▶ Input data
★ ★ ★ ★ ★

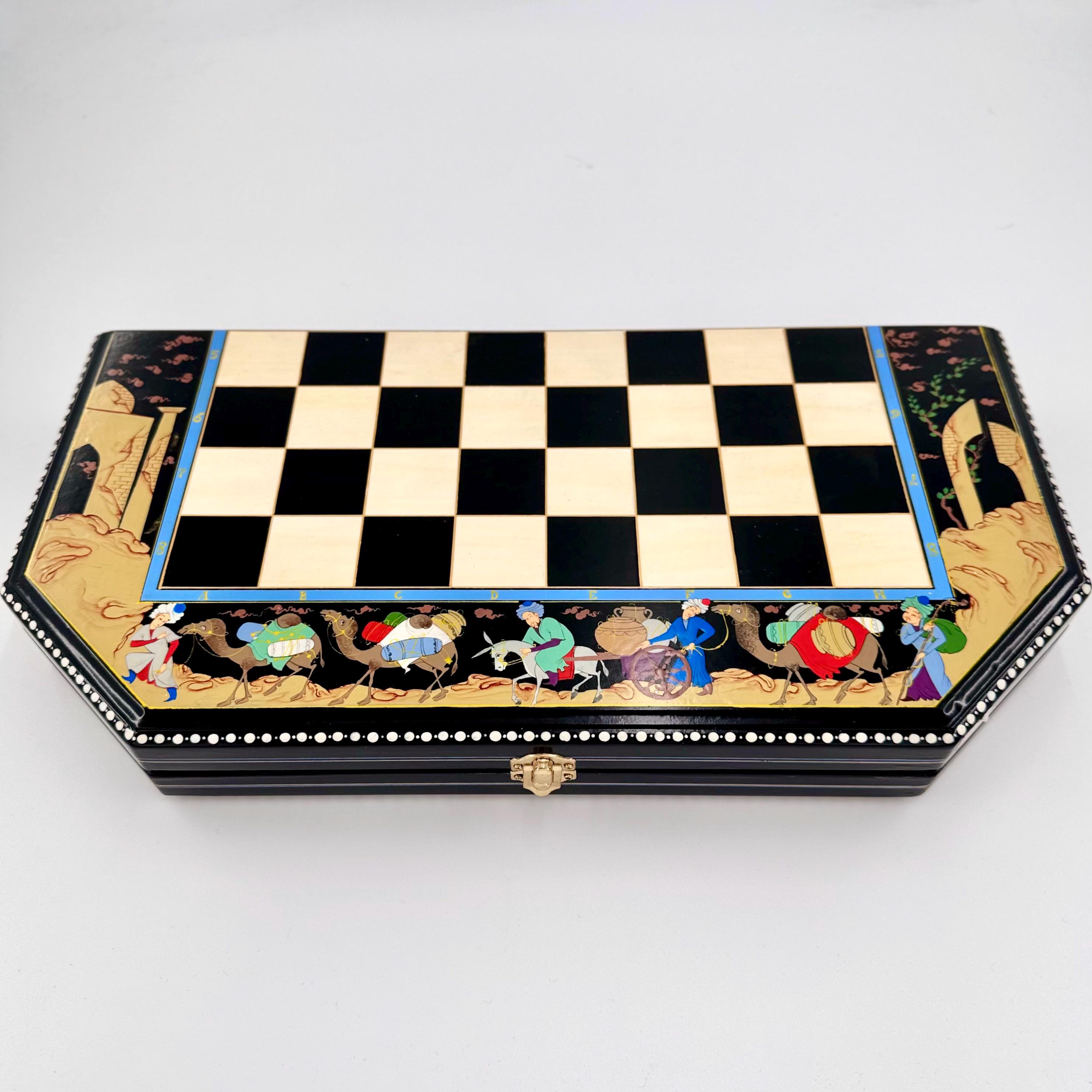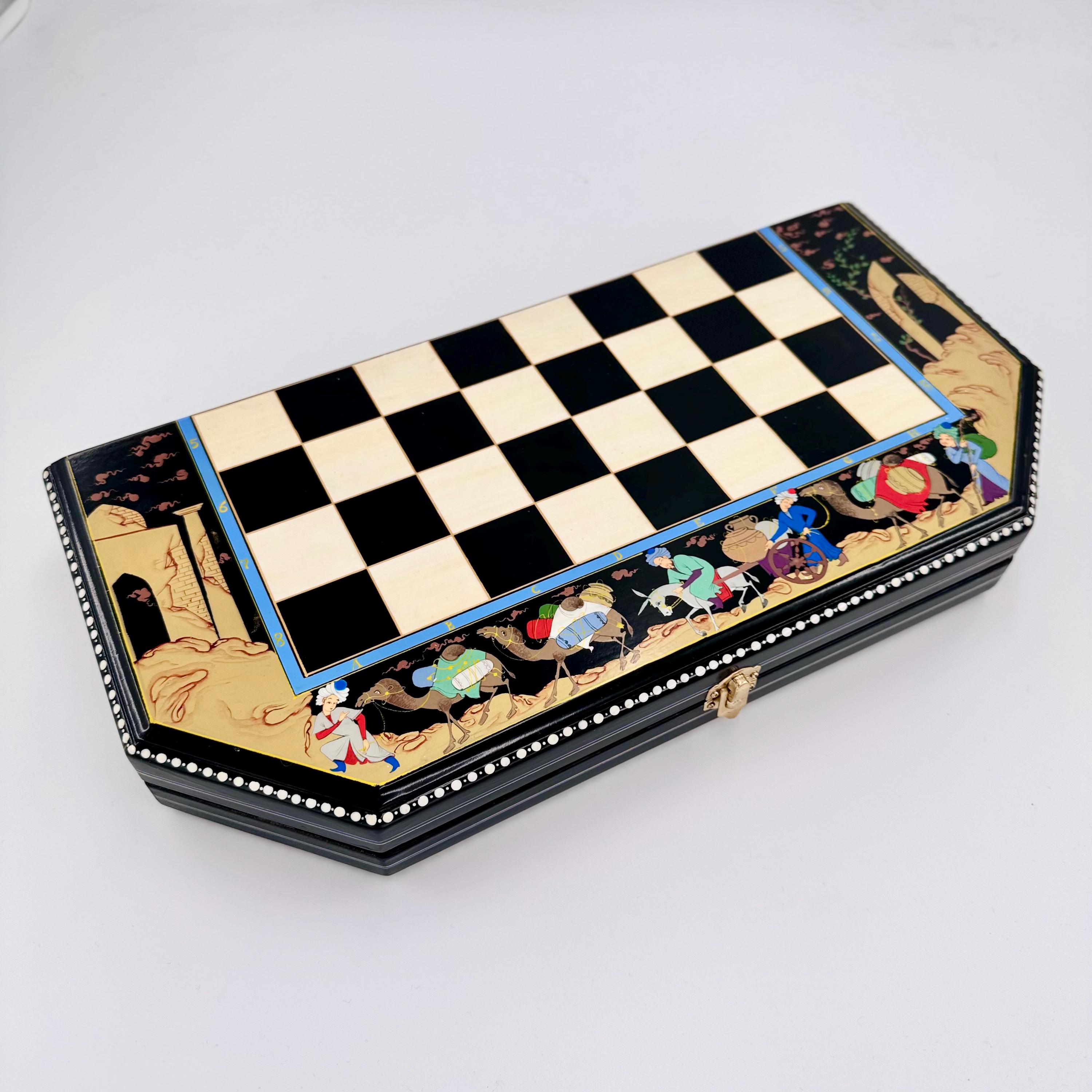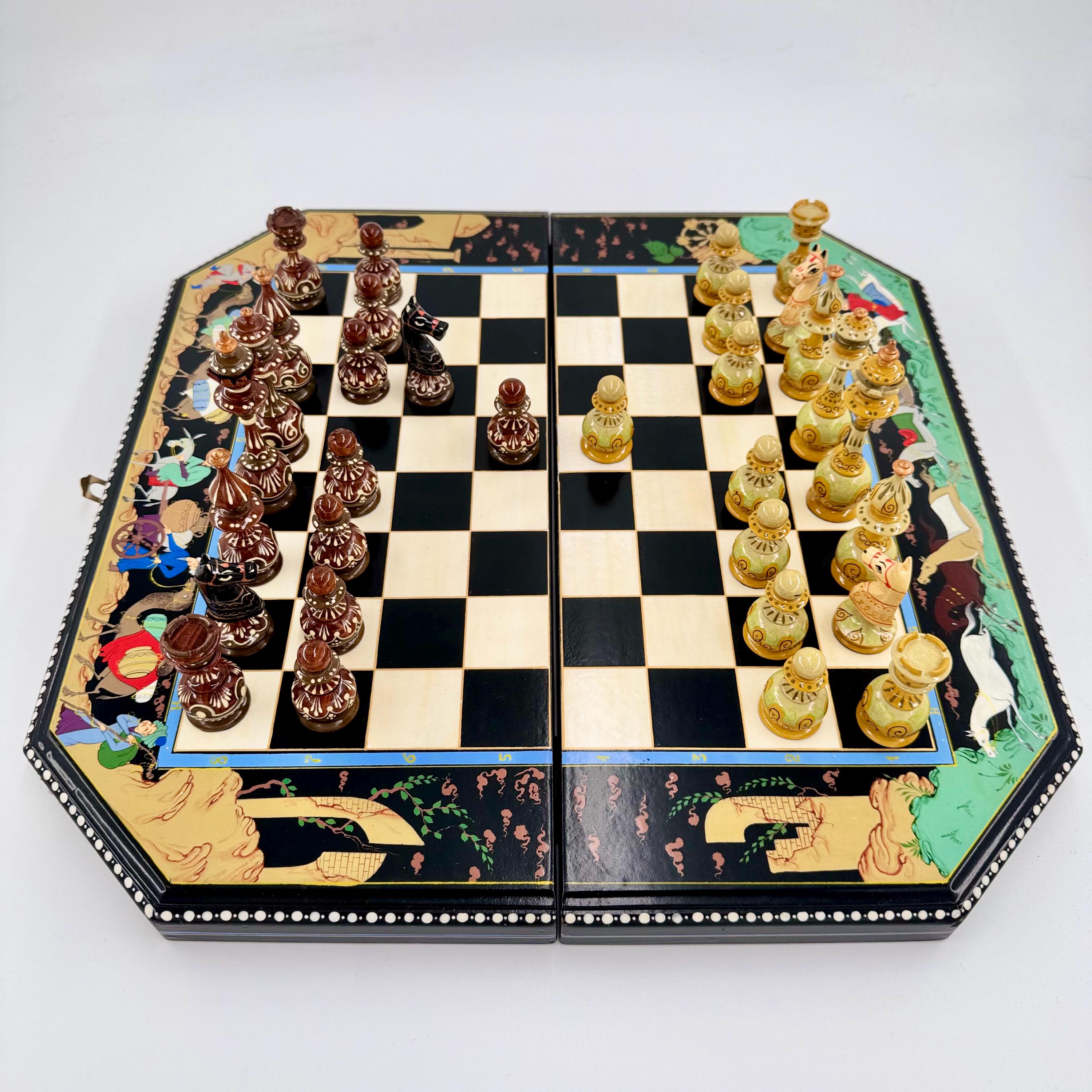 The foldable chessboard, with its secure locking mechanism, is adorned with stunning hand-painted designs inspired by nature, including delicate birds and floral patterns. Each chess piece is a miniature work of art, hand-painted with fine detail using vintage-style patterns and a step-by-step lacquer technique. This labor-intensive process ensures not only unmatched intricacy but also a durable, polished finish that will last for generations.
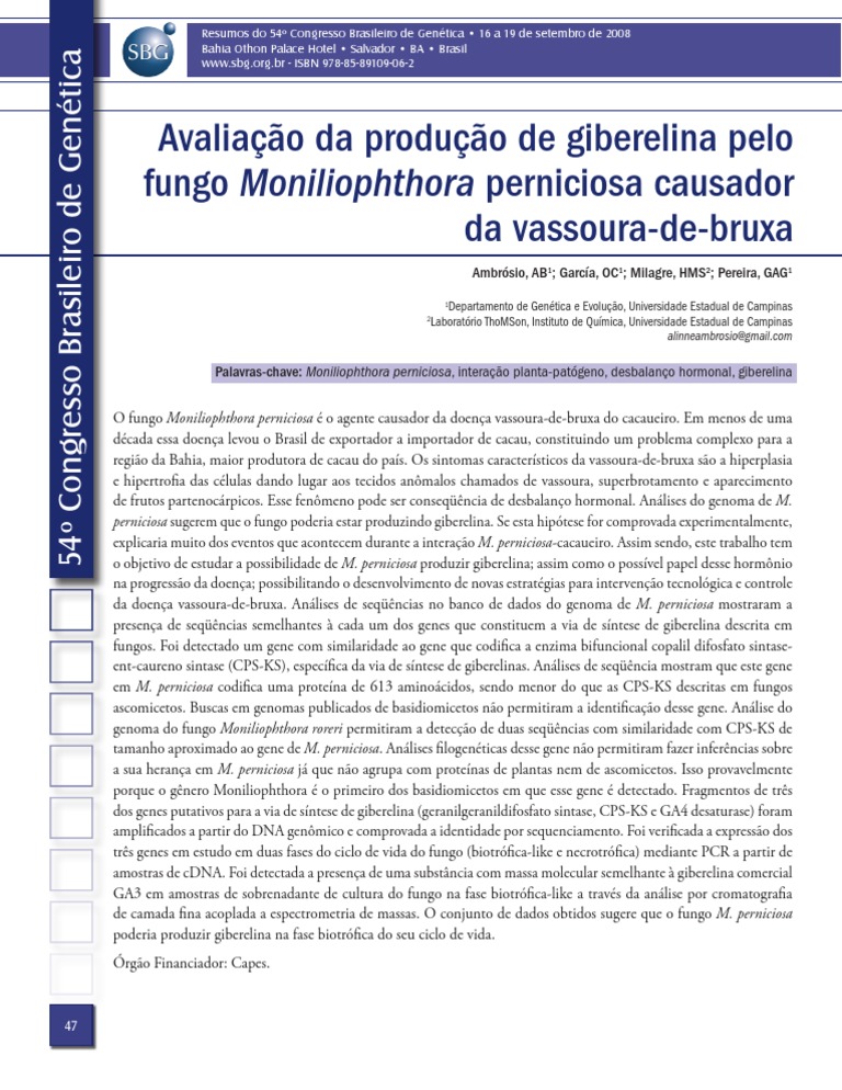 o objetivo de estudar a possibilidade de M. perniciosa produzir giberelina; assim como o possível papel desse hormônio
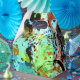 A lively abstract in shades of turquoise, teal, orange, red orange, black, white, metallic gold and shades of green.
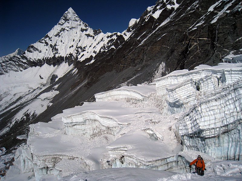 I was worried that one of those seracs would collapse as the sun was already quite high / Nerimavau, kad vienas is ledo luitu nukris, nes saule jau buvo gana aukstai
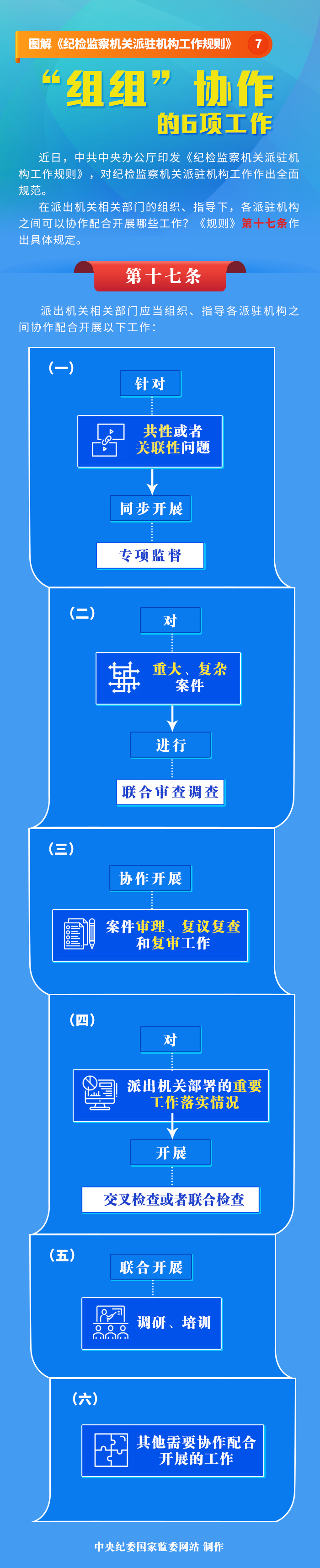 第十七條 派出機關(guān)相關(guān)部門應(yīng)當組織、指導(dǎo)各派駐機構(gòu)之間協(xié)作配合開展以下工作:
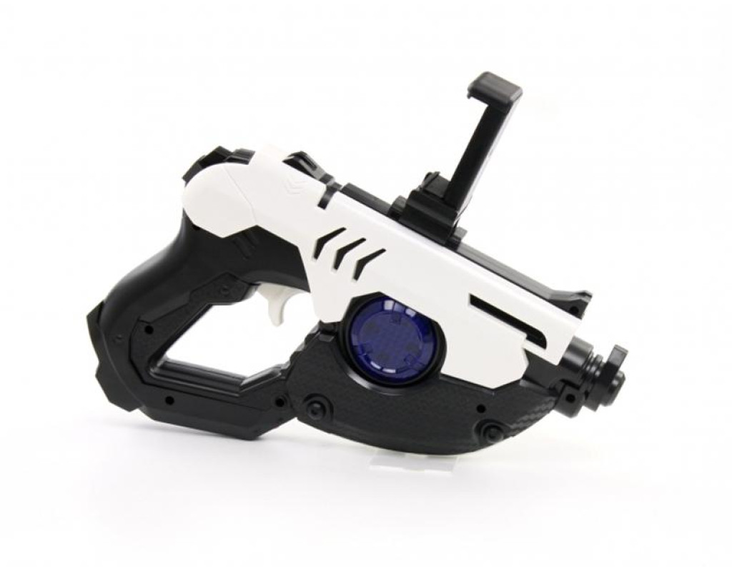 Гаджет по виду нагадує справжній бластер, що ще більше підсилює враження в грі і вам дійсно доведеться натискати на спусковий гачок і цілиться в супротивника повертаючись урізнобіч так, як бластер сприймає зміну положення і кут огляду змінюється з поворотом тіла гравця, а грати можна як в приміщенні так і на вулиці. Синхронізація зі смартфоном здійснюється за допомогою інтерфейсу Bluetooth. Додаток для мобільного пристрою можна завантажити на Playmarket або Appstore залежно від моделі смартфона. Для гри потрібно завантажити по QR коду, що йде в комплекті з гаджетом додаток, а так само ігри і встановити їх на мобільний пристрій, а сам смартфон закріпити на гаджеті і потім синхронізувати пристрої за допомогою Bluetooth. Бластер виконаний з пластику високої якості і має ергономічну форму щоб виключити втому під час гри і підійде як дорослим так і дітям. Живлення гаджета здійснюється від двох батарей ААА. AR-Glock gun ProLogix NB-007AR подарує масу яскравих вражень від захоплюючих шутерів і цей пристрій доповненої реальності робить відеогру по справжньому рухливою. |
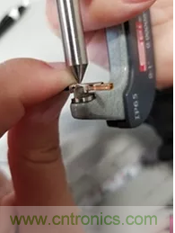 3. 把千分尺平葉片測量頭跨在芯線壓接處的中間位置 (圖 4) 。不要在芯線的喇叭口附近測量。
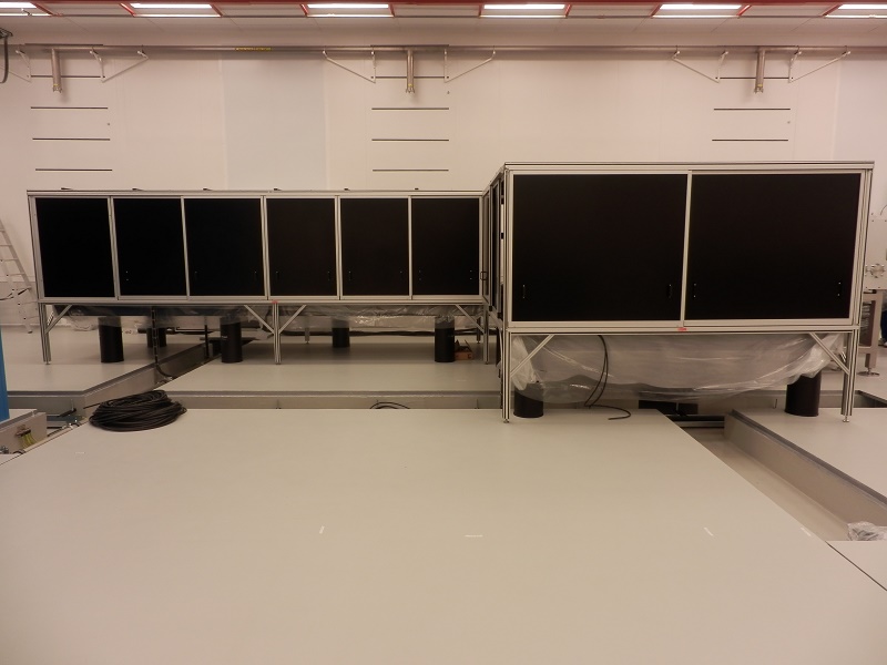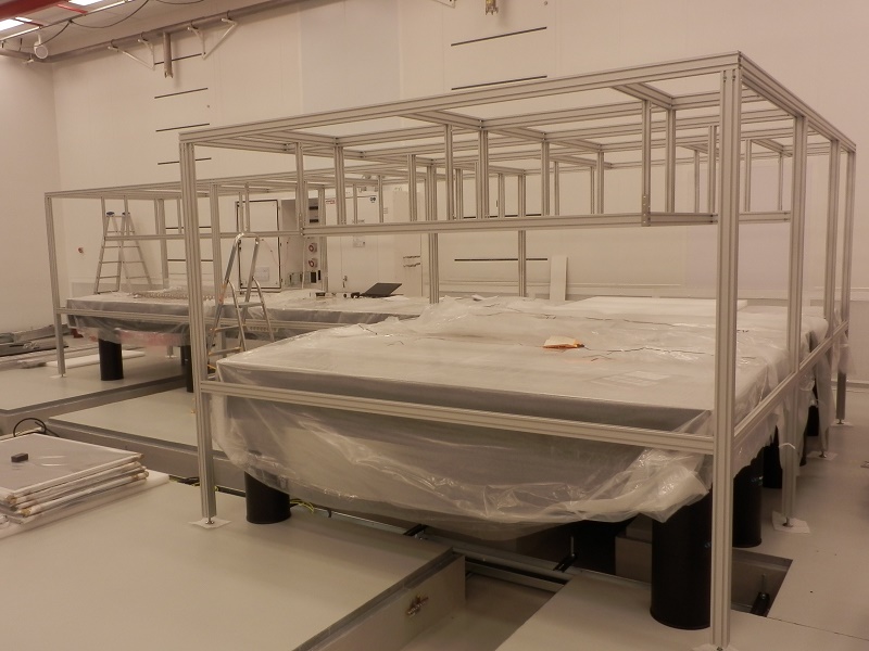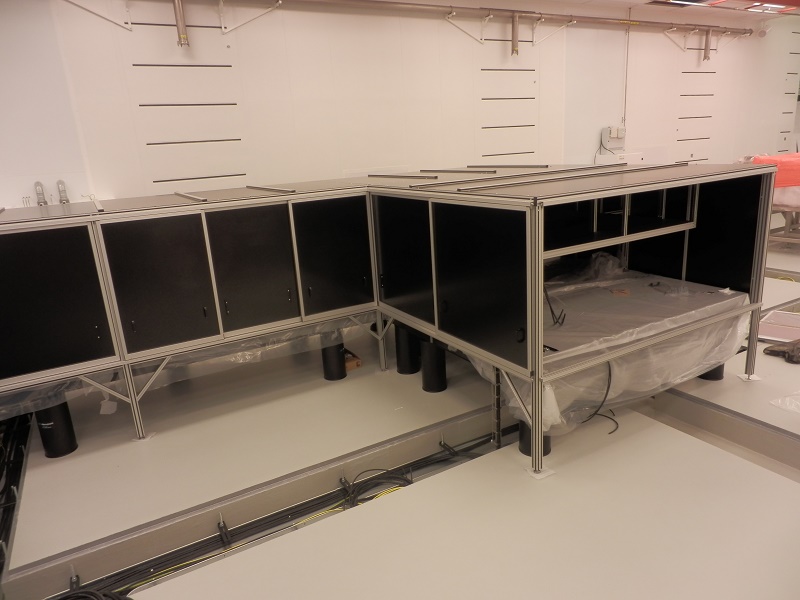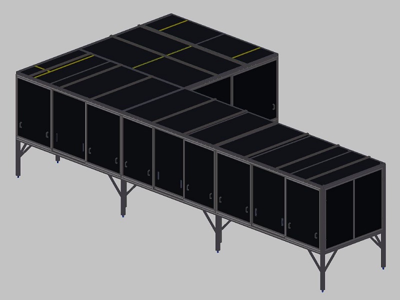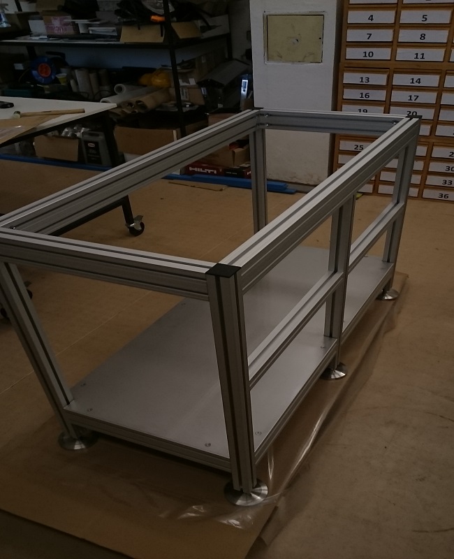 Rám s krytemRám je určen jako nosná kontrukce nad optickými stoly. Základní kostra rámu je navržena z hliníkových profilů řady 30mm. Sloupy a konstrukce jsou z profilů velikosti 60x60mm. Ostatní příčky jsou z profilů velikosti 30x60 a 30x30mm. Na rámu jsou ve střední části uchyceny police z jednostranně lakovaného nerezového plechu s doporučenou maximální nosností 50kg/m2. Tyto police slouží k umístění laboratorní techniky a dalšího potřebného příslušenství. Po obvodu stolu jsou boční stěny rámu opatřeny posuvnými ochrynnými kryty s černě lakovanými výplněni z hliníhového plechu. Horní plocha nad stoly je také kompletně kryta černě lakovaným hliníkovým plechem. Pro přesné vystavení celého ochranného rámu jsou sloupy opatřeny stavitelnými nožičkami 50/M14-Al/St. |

★ ★ ★ ★ ★

▶ Aim of the exercise
Print every record above exactly as written, leaving out the pictures.

▶ Result of the task
 The foldable chessboard, with its secure locking mechanism, is adorned with stunning hand-painted designs inspired by nature, including delicate birds and floral patterns. Each chess piece is a miniature work of art, hand-painted with fine detail using vintage-style patterns and a step-by-step lacquer technique. This labor-intensive process ensures not only unmatched intricacy but also a durable, polished finish that will last for generations.
 o objetivo de estudar a possibilidade de M. perniciosa produzir giberelina; assim como o possível papel desse hormônio
 A lively abstract in shades of turquoise, teal, orange, red orange, black, white, metallic gold and shades of green.
 I was worried that one of those seracs would collapse as the sun was already quite high / Nerimavau, kad vienas is ledo luitu nukris, nes saule jau buvo gana aukstai
 第十七條 派出機關(guān)相關(guān)部門應(yīng)當組織、指導(dǎo)各派駐機構(gòu)之間協(xié)作配合開展以下工作:
 Гаджет по виду нагадує справжній бластер, що ще більше підсилює враження в грі і вам дійсно доведеться натискати на спусковий гачок і цілиться в супротивника повертаючись урізнобіч так, як бластер сприймає зміну положення і кут огляду змінюється з поворотом тіла гравця, а грати можна як в приміщенні так і на вулиці. Синхронізація зі смартфоном здійснюється за допомогою інтерфейсу Bluetooth. Додаток для мобільного пристрою можна завантажити на Playmarket або Appstore залежно від моделі смартфона. Для гри потрібно завантажити по QR коду, що йде в комплекті з гаджетом додаток, а так само ігри і встановити їх на мобільний пристрій, а сам смартфон закріпити на гаджеті і потім синхронізувати пристрої за допомогою Bluetooth. Бластер виконаний з пластику високої якості і має ергономічну форму щоб виключити втому під час гри і підійде як дорослим так і дітям. Живлення гаджета здійснюється від двох батарей ААА. AR-Glock gun ProLogix NB-007AR подарує масу яскравих вражень від захоплюючих шутерів і цей пристрій доповненої реальності робить відеогру по справжньому рухливою. |
 3. 把千分尺平葉片測量頭跨在芯線壓接處的中間位置 (圖 4) 。不要在芯線的喇叭口附近測量。
 Rám s krytemRám je určen jako nosná kontrukce nad optickými stoly. Základní kostra rámu je navržena z hliníkových profilů řady 30mm. Sloupy a konstrukce jsou z profilů velikosti 60x60mm. Ostatní příčky jsou z profilů velikosti 30x60 a 30x30mm. Na rámu jsou ve střední části uchyceny police z jednostranně lakovaného nerezového plechu s doporučenou maximální nosností 50kg/m2. Tyto police slouží k umístění laboratorní techniky a dalšího potřebného příslušenství. Po obvodu stolu jsou boční stěny rámu opatřeny posuvnými ochrynnými kryty s černě lakovanými výplněni z hliníhového plechu. Horní plocha nad stoly je také kompletně kryta černě lakovaným hliníkovým plechem. Pro přesné vystavení celého ochranného rámu jsou sloupy opatřeny stavitelnými nožičkami 50/M14-Al/St. |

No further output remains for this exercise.